In honor of this time of year, I thought I’d haul out a personal favorite, dust it off and show it off here.
To get a better view of the image, just click to be taken to my Pixels.com page where the watermark will be more reasonable and purchase options for wall art, greeting cards and cell phone covers will be available. If interested in licensing, just let me know.
This image was snapped at one of my favorite photographic haunts, Old Bedford Village in Bedford, Pa. This is the interior of one of the one room school houses there, the Kniseley School. It was originally built near Pleasantville, Bedford County, in 1869 and was used until 1932. This building was indeed an original school house, it is not a recreation, and was moved to the Old Bedford site as part of their “living history museum.” You can read more information about Old Bedford Village here:
The image itself is a composite of two of my own shots, both were taken with the Nikon D300. The fields and barn seen through the windows are actually from farmland near Osterburg, PA, not too far up the road from Old Bedford. There was much tinkering in Photoshop CS4, 5 and 6 (NOT the cloud), plus the addition of a hint one of my favorite textures from Florabella to enhance the mood.
I’m not one of those women who lies about her age, but I don’t make a point of bragging about it either. That having been said, I’ve been around the block more than once and as such, I do vividly remember things that others may only have heard or read about. The school room pictured here is one of those things that goes right to my own heart. I spent my first three years not in a one-room school, but … close. The architectural features of the rooms in my little primary school were almost identical to what you see here. In fact, it’s with a laugh that I admit that the desks shown in this image are actually examples of the NEW desks we got somewhere along the line … I remember stuffing papers and books and so forth into a compartment that went under the seat (and boy was it messy in my case!!). I don’t remember seeing a dunce cap (if there had been one, I’m sure I’d have worn it more than once) … and though we didn’t have a wood stove in our classroom, I was very familiar with them from the homes of my grandparents and some aunts and uncles.
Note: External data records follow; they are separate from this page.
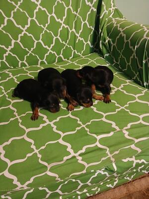 These Mini Pinscher / Mini Schnauzer puppies are currently 5 weeks old. Sadly, their mother passed, ...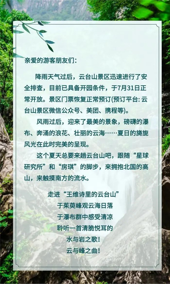 7月30日,云臺山景區(qū)發(fā)布通知,經(jīng)過景區(qū)安全排查,目前已具備開園條件,于7月31日正常開放。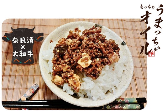 「もっちのうまっちぃオイル漬け」は、奈良が誇る和牛ブランド「大和牛」や「大和肉鶏」を奈良漬と一緒に特製オイルに漬け、隠し味には、うどんだしつゆやクリームチーズ、山椒などを調合。白ご飯はもちろん、パスタソース、サラダ、パン、おつまみなどにも使える絶品の一品となっています。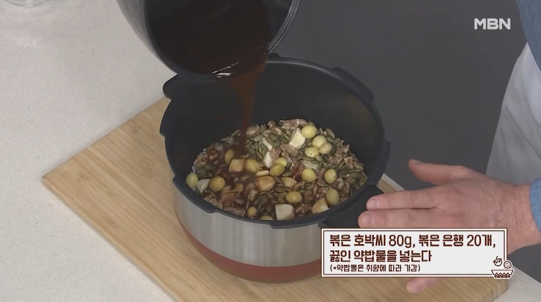(7) 볶은 호박씨 80g, 볶은 은행 20개, 끓인 약밥물을 넣는다.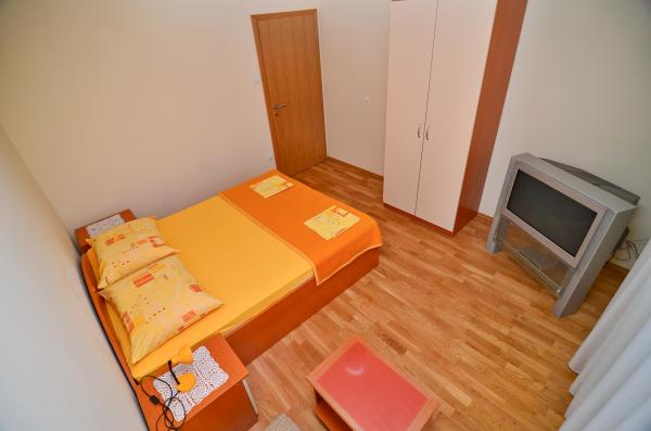 Kompletno i suvremeno opremljeni apartmani u mirnom zapadnom dijelu grada. Objekt se nalazi manje od 5 minuta hoda do plaže i 10 minuta od centra grada. Svi apartmani su prostrani i imaju odvojene spavaće sobe od devnog dijela i kuhinje. Posebno je prostran apartman za 6 osoba koji uz 3 spavaće sobe ima 2 kupatila, veliku kuhinju i veliku dnevnu sobu te 2 klima uređaja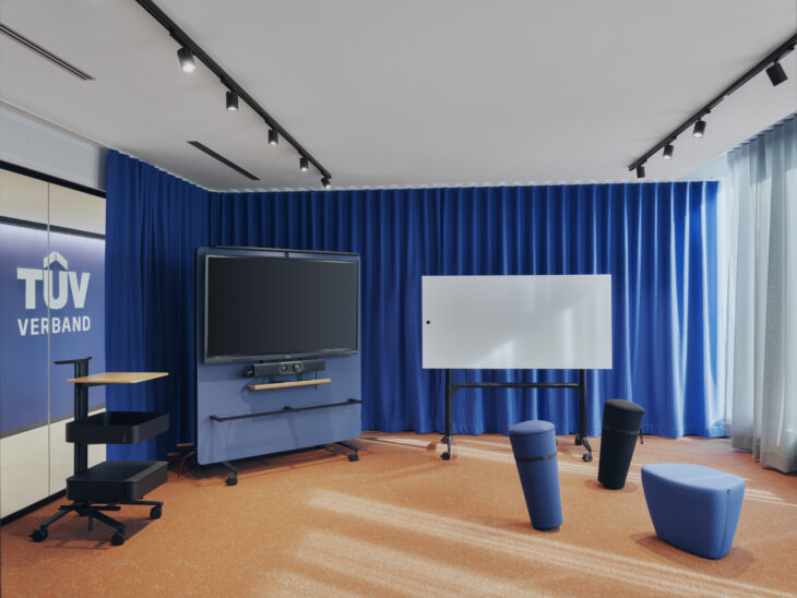 Customized requests were met regarding the design of surfaces and covers. Shades of blue echo the TÜV Association’s corporate design and create an attractive link between the architecture, brand, and furniture. Occasional pops of color in salmon and turquoise are also scattered about.
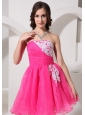 Home >  Special Occasion Dresses >  Homecoming Dresses > Hot Pink Appliques Strapless A-line Organza Stylish Prom Gowns For Customize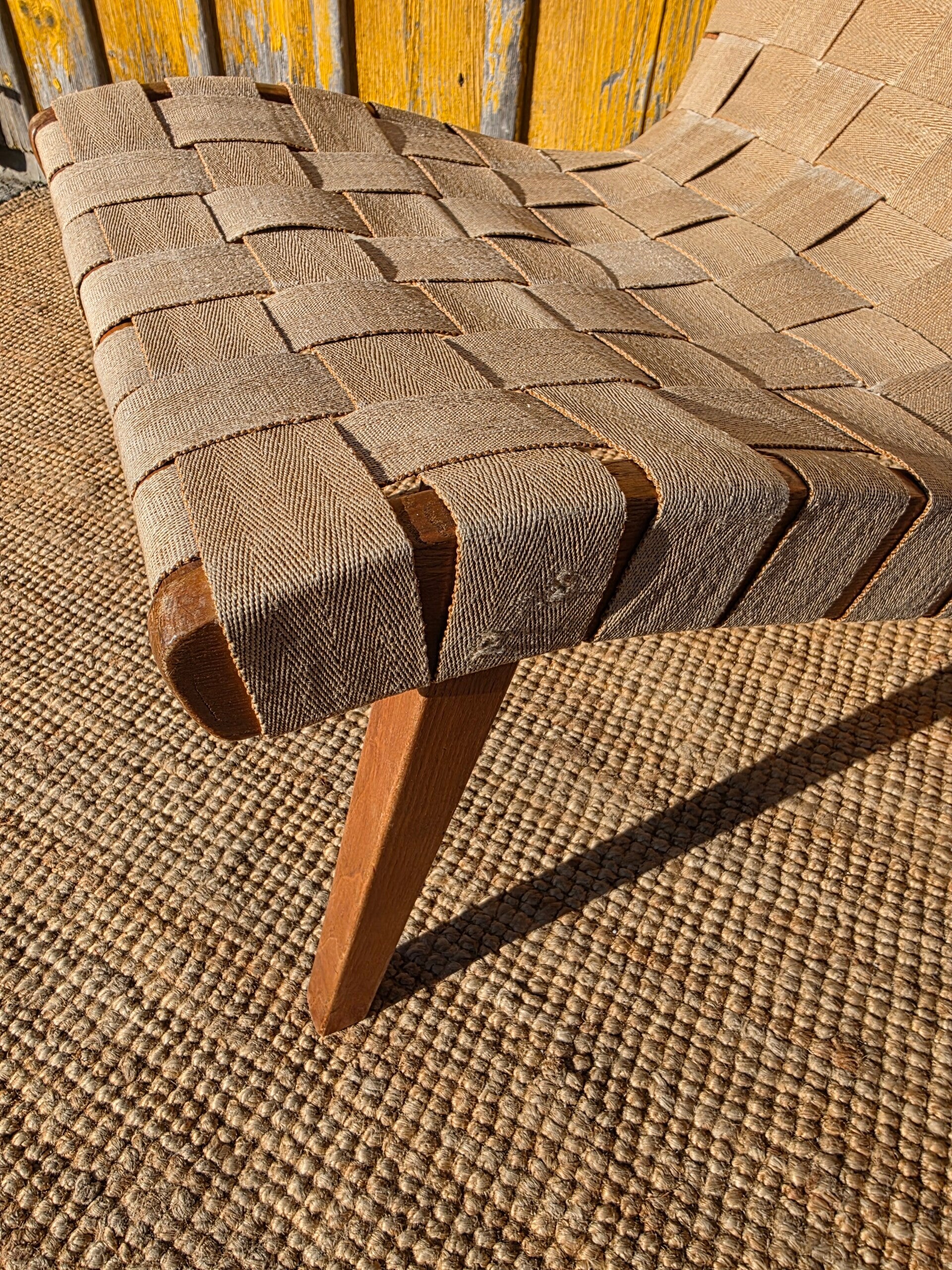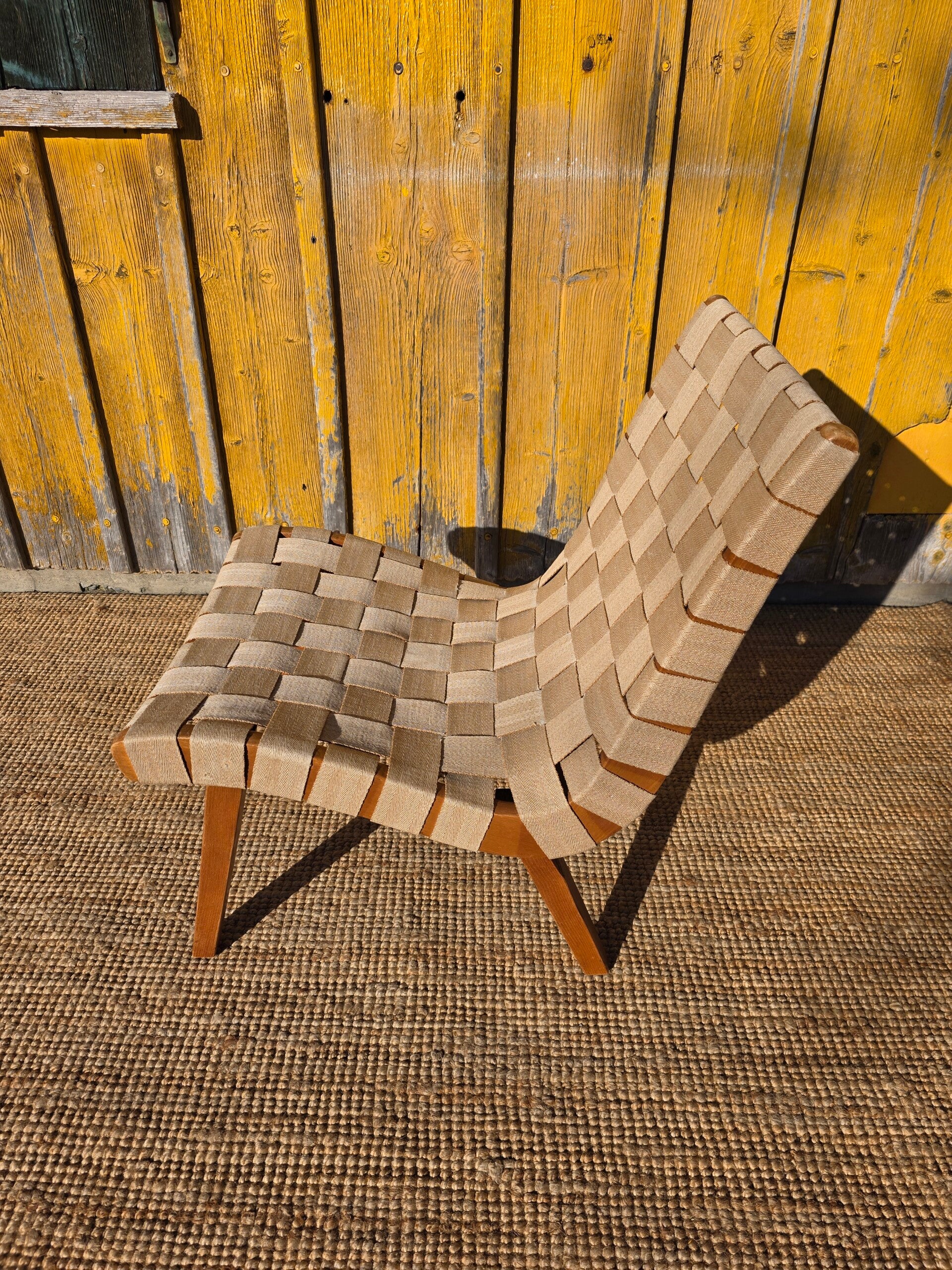 Schöner , sehr frühe Version des Jens Risom Sessel mit Originaler Gurtbespannung

I think images that evoke nostalgia and memory of good times gone by are a blessing. I’ve had many people stop by my little picture and tell me about the happy memories it has brought back to them. That connection between artist and art and viewer is a bond that brings us all closer … and that’s always a good thing.
And also, as always, if the image appeals to you as a gift for yourself or someone special in your life, I’m happy to make it available on a wide variety of products. An example would be a handy tote bag:
A click will bring you to purchase options for the tote bag, and if you have another product idea in mind, just contact me through this page and I’ll see if it’s something I can create for you.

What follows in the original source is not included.